• Brief: Locate, in the data below, the line that contains "DETAILS & HIGHLIGHTS: Grandad-Ausschnitt" and the line that contains "在initialize()中"; reproduce exactly those two lines and every line between them, nothing more.

• Task input:

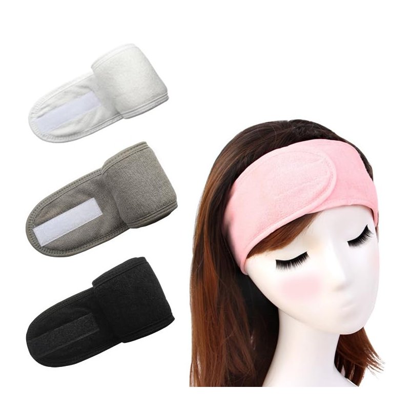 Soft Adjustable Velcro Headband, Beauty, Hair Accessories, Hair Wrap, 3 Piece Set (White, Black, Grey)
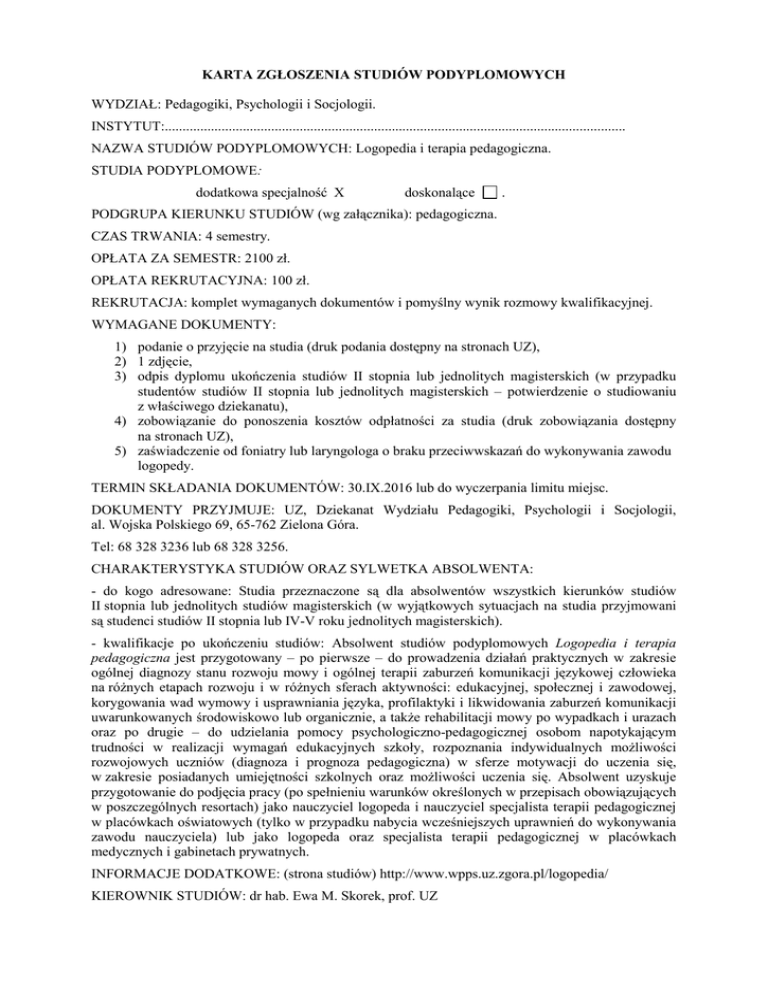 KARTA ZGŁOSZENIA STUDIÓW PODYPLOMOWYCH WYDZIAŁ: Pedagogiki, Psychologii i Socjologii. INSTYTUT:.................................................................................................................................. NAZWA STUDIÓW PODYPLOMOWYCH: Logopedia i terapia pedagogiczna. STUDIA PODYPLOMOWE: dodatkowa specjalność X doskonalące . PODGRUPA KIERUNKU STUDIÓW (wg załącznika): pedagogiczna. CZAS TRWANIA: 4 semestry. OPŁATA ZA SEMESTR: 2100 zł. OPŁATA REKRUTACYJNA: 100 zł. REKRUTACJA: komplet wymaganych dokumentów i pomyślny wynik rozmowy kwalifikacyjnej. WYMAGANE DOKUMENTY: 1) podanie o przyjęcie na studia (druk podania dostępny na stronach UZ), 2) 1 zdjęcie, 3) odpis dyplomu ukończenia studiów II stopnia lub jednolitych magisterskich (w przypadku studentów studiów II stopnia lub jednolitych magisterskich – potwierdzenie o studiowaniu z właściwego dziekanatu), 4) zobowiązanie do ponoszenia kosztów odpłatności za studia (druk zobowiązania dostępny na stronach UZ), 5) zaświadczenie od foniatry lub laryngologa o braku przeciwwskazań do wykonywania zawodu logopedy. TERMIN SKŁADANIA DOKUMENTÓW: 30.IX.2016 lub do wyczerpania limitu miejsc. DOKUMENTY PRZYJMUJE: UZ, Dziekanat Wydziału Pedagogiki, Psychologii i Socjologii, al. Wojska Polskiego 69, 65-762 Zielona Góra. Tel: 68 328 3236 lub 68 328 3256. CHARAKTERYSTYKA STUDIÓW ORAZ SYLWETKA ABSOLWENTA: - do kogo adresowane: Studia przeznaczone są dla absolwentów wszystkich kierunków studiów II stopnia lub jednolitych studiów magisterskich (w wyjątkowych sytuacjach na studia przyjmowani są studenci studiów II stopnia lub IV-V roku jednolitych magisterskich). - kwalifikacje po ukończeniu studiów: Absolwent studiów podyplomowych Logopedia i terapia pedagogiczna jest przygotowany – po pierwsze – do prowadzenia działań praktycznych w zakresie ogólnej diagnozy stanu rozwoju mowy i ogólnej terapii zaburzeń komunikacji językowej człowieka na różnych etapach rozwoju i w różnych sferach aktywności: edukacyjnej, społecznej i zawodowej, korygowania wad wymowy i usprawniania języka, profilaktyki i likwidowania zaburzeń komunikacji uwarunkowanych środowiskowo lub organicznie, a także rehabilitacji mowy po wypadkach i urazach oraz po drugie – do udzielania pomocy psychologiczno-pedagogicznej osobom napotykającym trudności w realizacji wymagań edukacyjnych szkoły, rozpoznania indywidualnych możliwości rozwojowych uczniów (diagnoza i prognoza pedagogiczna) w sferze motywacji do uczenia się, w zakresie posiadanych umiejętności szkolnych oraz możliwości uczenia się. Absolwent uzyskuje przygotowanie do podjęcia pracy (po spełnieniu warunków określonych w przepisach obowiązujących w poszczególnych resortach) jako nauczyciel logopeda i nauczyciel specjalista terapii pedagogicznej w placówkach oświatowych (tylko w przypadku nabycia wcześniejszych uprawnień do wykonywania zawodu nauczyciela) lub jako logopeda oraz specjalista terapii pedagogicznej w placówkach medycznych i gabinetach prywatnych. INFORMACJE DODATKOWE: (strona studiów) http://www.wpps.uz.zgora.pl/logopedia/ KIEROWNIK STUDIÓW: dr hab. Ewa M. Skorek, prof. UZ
---
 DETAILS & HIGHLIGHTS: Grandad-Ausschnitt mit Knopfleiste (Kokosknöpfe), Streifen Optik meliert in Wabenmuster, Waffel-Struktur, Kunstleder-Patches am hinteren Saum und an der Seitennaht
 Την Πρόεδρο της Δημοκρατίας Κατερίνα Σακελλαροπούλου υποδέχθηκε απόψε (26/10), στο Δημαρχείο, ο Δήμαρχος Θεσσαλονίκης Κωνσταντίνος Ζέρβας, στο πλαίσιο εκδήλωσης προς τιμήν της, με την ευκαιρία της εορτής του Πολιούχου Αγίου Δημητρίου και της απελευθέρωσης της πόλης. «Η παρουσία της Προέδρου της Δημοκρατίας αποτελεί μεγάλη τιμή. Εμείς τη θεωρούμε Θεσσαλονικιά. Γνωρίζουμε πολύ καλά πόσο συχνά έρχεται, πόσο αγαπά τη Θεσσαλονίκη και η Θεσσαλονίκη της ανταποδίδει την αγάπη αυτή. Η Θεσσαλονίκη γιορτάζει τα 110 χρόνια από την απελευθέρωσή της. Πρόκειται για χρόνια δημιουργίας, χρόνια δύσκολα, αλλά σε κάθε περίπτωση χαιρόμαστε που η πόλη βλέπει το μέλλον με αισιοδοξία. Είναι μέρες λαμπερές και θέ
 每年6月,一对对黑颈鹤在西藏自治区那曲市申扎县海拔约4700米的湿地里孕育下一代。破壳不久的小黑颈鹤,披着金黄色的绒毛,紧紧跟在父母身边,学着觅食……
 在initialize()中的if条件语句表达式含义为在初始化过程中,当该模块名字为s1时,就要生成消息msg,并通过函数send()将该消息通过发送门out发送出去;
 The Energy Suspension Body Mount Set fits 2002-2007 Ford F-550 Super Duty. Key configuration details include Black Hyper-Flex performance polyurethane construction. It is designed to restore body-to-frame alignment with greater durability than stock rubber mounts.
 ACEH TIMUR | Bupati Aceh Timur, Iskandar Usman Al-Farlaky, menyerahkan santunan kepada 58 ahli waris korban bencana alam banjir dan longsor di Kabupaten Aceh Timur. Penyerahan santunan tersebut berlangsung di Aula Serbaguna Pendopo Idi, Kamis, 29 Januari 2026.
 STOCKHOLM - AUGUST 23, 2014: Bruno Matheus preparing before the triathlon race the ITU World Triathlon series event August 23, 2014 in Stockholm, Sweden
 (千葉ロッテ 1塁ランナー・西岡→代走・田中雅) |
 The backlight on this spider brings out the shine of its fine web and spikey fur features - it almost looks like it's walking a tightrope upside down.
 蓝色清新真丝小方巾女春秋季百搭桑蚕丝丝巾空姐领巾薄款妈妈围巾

• Your solution:
 DETAILS & HIGHLIGHTS: Grandad-Ausschnitt mit Knopfleiste (Kokosknöpfe), Streifen Optik meliert in Wabenmuster, Waffel-Struktur, Kunstleder-Patches am hinteren Saum und an der Seitennaht
 Την Πρόεδρο της Δημοκρατίας Κατερίνα Σακελλαροπούλου υποδέχθηκε απόψε (26/10), στο Δημαρχείο, ο Δήμαρχος Θεσσαλονίκης Κωνσταντίνος Ζέρβας, στο πλαίσιο εκδήλωσης προς τιμήν της, με την ευκαιρία της εορτής του Πολιούχου Αγίου Δημητρίου και της απελευθέρωσης της πόλης. «Η παρουσία της Προέδρου της Δημοκρατίας αποτελεί μεγάλη τιμή. Εμείς τη θεωρούμε Θεσσαλονικιά. Γνωρίζουμε πολύ καλά πόσο συχνά έρχεται, πόσο αγαπά τη Θεσσαλονίκη και η Θεσσαλονίκη της ανταποδίδει την αγάπη αυτή. Η Θεσσαλονίκη γιορτάζει τα 110 χρόνια από την απελευθέρωσή της. Πρόκειται για χρόνια δημιουργίας, χρόνια δύσκολα, αλλά σε κάθε περίπτωση χαιρόμαστε που η πόλη βλέπει το μέλλον με αισιοδοξία. Είναι μέρες λαμπερές και θέ
 每年6月,一对对黑颈鹤在西藏自治区那曲市申扎县海拔约4700米的湿地里孕育下一代。破壳不久的小黑颈鹤,披着金黄色的绒毛,紧紧跟在父母身边,学着觅食……
 在initialize()中的if条件语句表达式含义为在初始化过程中,当该模块名字为s1时,就要生成消息msg,并通过函数send()将该消息通过发送门out发送出去;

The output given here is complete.